**Assigned task:**
From the data below, copy each line that includes the word "color".

**Items from a data source:**
===============
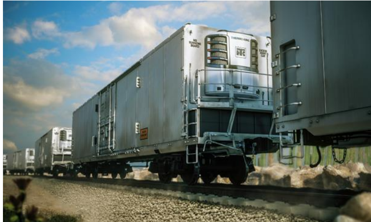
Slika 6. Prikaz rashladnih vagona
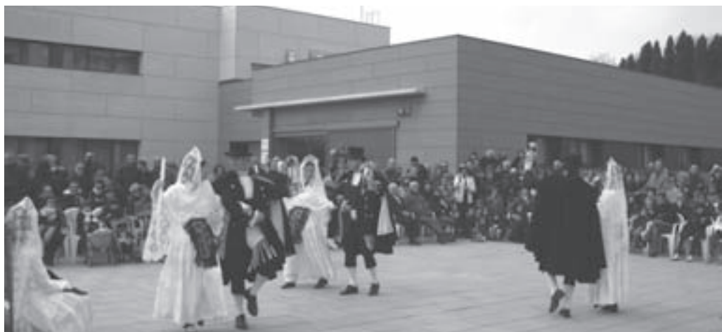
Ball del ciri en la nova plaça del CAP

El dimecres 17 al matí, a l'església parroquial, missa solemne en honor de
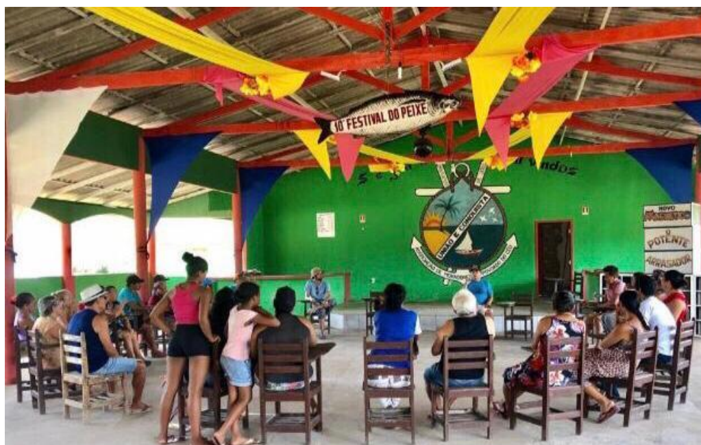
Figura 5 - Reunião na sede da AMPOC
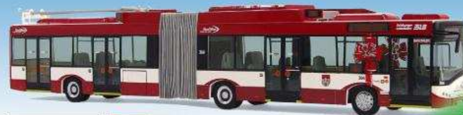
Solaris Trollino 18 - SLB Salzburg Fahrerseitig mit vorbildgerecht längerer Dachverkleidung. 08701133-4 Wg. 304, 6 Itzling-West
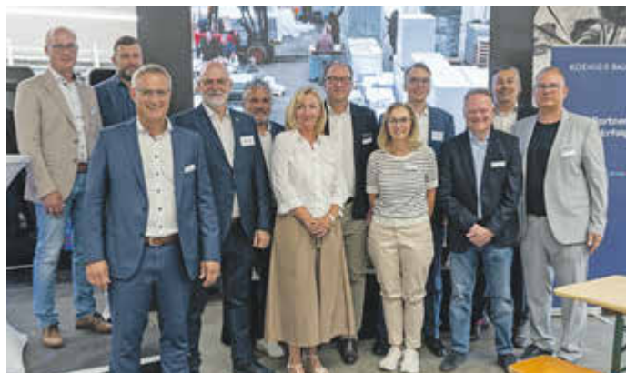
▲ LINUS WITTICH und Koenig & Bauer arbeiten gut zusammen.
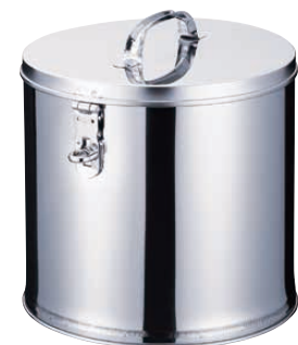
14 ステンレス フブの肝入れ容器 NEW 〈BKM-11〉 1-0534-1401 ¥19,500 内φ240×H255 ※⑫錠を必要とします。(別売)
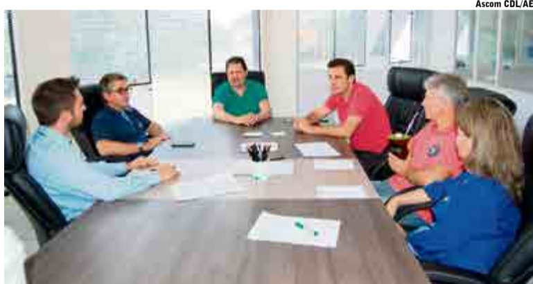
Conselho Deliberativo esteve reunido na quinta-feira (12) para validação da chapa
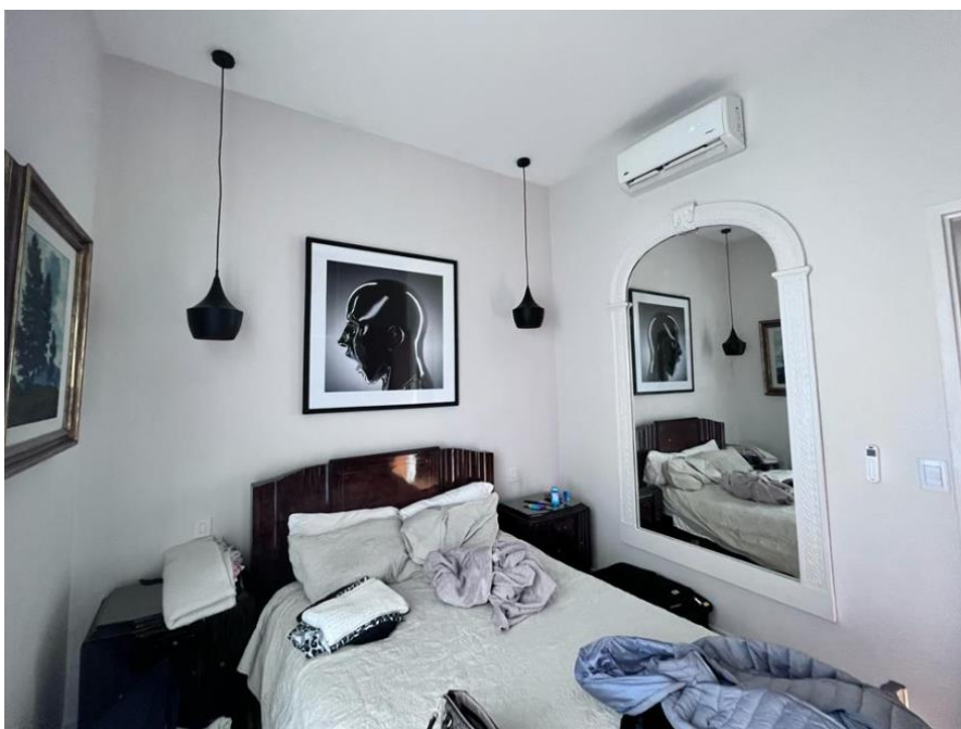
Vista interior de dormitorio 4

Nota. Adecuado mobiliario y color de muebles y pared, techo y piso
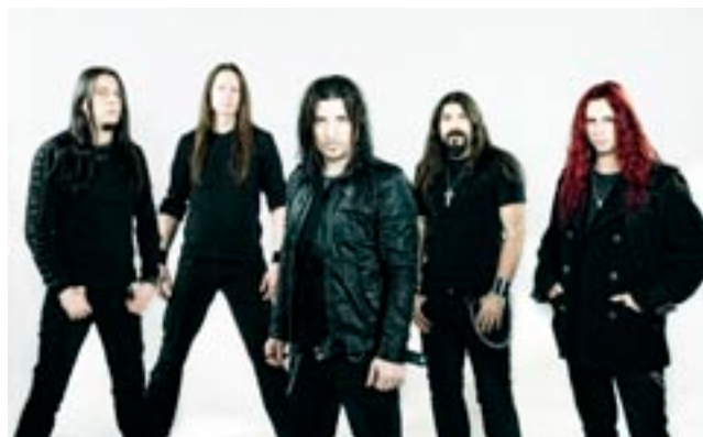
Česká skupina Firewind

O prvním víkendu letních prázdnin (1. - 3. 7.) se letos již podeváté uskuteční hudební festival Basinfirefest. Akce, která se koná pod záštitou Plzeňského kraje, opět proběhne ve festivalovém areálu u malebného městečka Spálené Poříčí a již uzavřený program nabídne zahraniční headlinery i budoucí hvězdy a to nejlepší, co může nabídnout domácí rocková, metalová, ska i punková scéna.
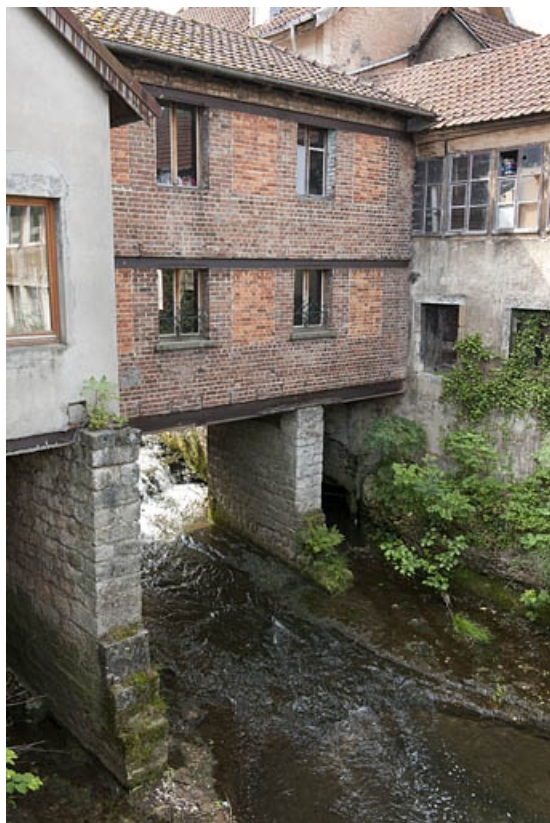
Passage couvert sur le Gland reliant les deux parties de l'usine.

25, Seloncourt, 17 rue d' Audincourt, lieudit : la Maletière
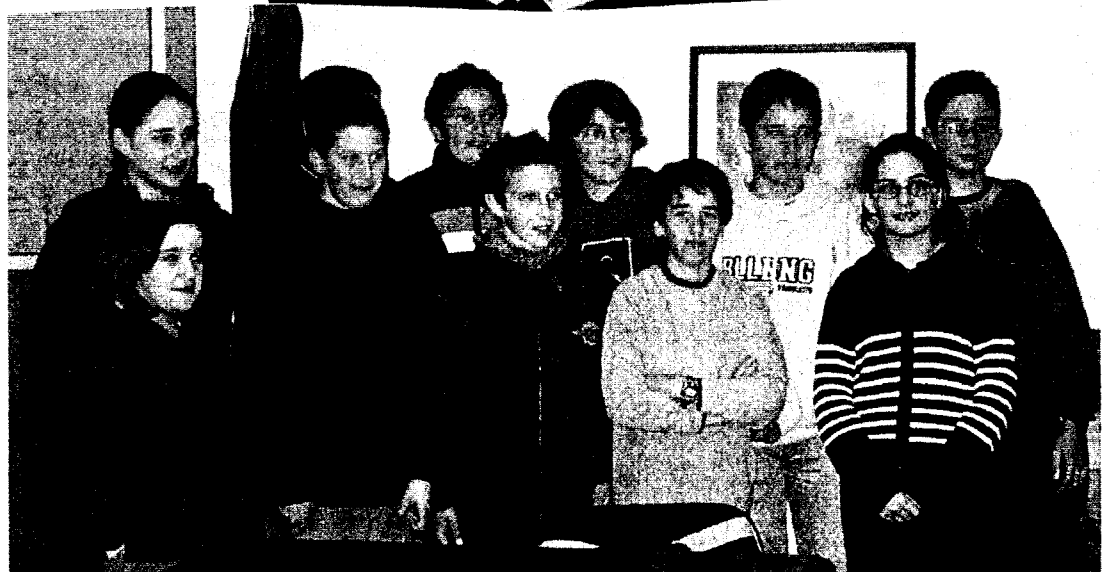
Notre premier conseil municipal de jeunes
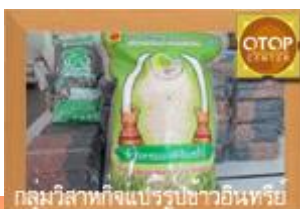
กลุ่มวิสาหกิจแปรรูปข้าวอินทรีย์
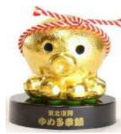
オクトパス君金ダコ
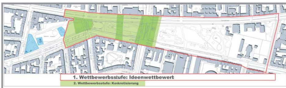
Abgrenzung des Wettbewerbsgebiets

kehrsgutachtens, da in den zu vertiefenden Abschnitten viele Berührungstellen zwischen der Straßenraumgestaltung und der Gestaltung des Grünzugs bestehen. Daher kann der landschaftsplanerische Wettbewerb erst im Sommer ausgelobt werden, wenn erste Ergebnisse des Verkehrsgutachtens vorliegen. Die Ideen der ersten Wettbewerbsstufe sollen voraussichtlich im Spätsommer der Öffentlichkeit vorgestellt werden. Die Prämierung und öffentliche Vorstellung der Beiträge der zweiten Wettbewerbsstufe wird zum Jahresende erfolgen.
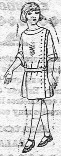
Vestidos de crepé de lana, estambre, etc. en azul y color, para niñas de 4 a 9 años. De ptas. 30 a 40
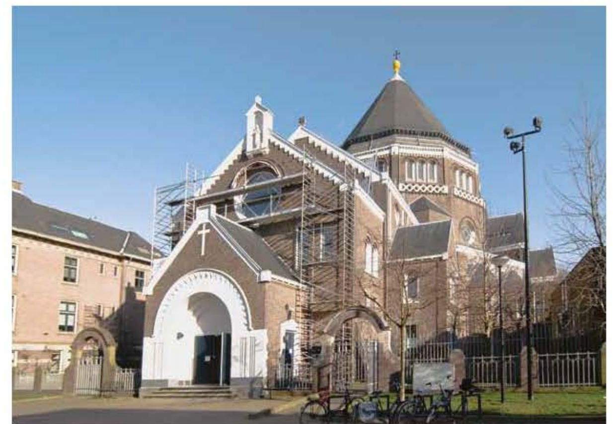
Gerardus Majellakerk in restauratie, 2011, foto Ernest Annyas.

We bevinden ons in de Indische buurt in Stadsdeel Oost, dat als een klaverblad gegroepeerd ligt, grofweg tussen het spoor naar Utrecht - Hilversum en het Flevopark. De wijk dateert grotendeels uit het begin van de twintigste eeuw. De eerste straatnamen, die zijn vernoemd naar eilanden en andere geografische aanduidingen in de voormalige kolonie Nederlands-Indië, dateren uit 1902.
===============
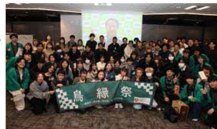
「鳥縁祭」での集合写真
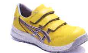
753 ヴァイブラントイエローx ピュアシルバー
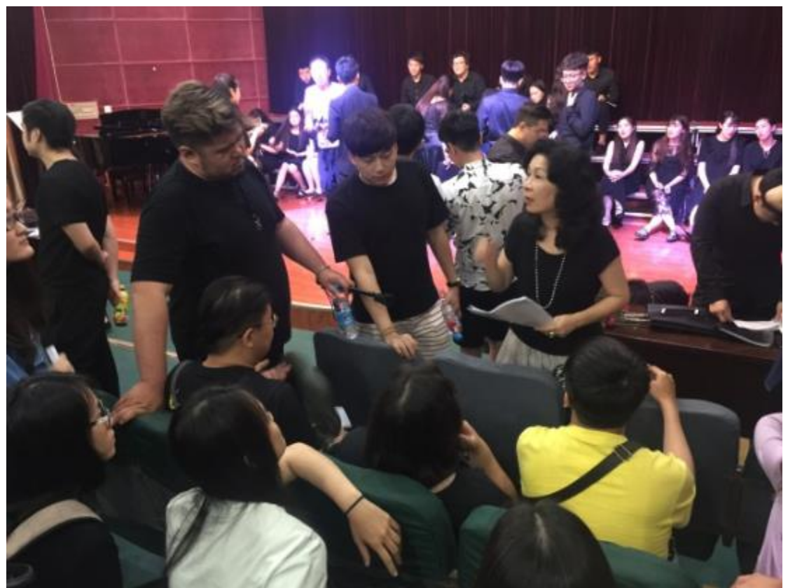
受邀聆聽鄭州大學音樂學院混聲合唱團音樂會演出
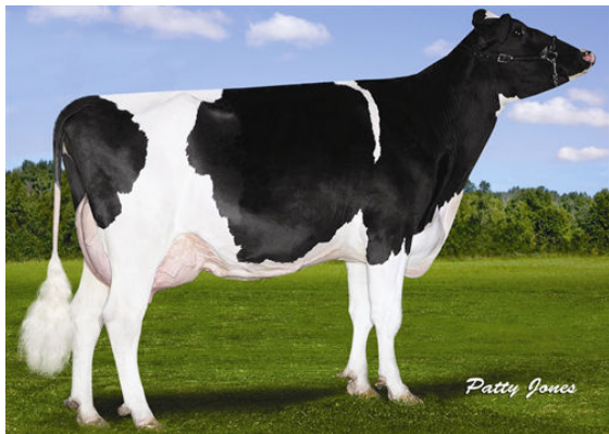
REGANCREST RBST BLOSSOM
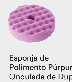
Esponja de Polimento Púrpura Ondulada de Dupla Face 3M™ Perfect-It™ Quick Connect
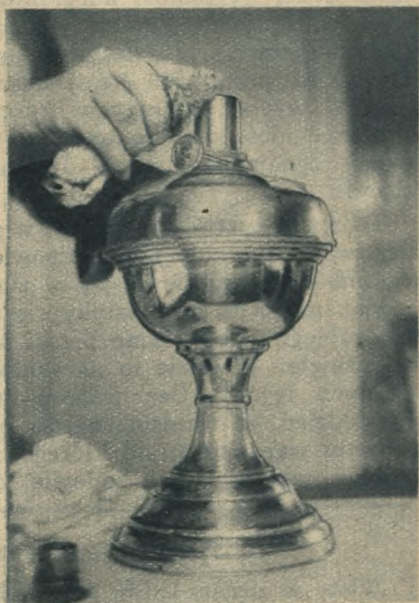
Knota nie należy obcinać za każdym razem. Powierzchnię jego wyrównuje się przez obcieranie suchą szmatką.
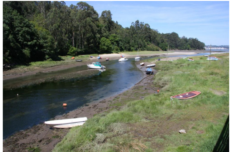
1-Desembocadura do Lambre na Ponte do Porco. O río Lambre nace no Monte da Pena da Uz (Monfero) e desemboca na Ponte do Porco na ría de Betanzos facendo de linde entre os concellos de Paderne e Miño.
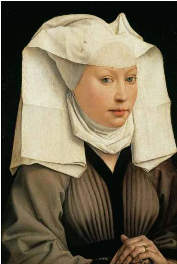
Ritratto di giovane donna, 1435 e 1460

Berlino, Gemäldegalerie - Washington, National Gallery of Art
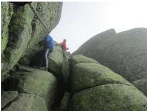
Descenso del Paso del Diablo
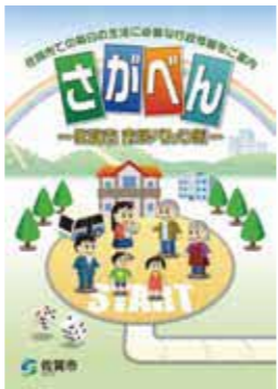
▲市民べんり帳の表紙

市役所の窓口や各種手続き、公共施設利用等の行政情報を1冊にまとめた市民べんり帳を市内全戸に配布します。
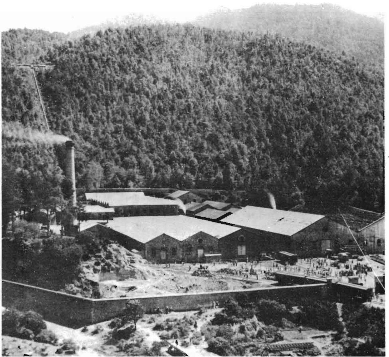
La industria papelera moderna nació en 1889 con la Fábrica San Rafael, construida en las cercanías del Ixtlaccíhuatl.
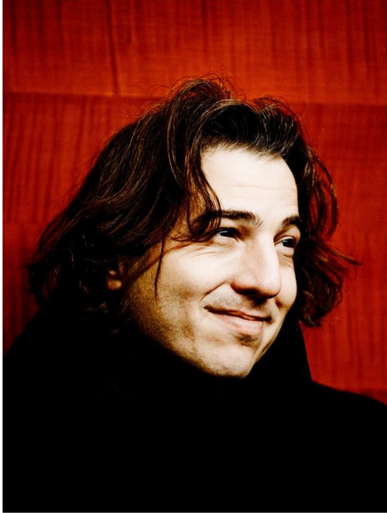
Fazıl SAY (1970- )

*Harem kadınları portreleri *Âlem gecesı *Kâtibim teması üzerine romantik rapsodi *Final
===============
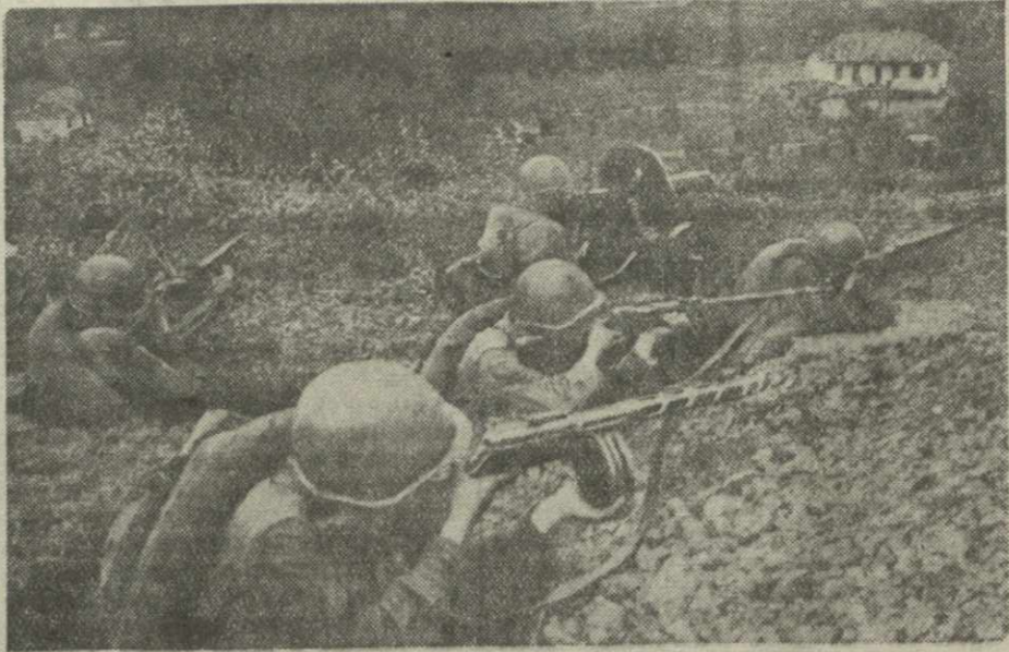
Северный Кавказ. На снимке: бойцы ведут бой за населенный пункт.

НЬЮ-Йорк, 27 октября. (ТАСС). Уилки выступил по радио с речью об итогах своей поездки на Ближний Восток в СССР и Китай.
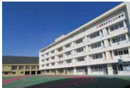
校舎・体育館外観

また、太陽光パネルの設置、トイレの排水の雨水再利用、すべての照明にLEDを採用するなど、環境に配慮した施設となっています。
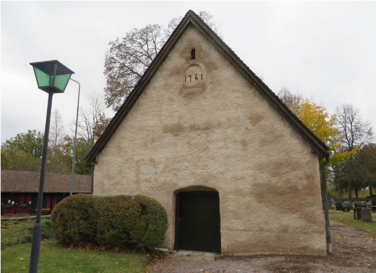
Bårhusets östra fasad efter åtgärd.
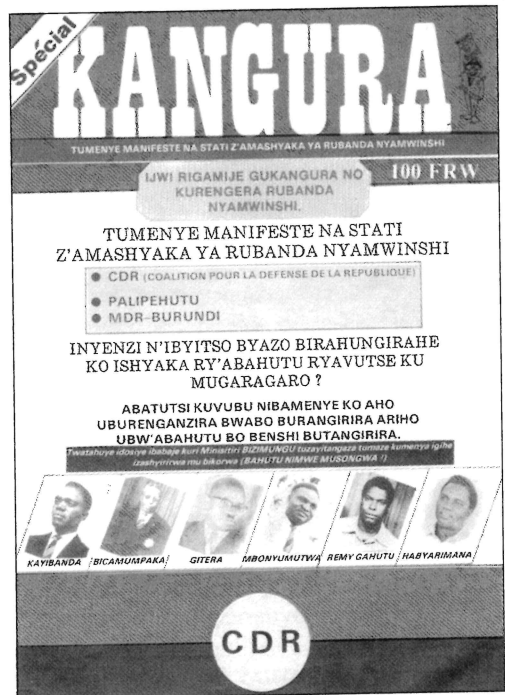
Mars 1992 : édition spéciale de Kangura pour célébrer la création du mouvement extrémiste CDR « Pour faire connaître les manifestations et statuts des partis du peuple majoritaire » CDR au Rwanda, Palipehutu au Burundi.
===============
**Output of the exercise:**
Nota. Adecuado mobiliario y color de muebles y pared, techo y piso
Vestidos de crepé de lana, estambre, etc. en azul y color, para niñas de 4 a 9 años. De ptas. 30 a 40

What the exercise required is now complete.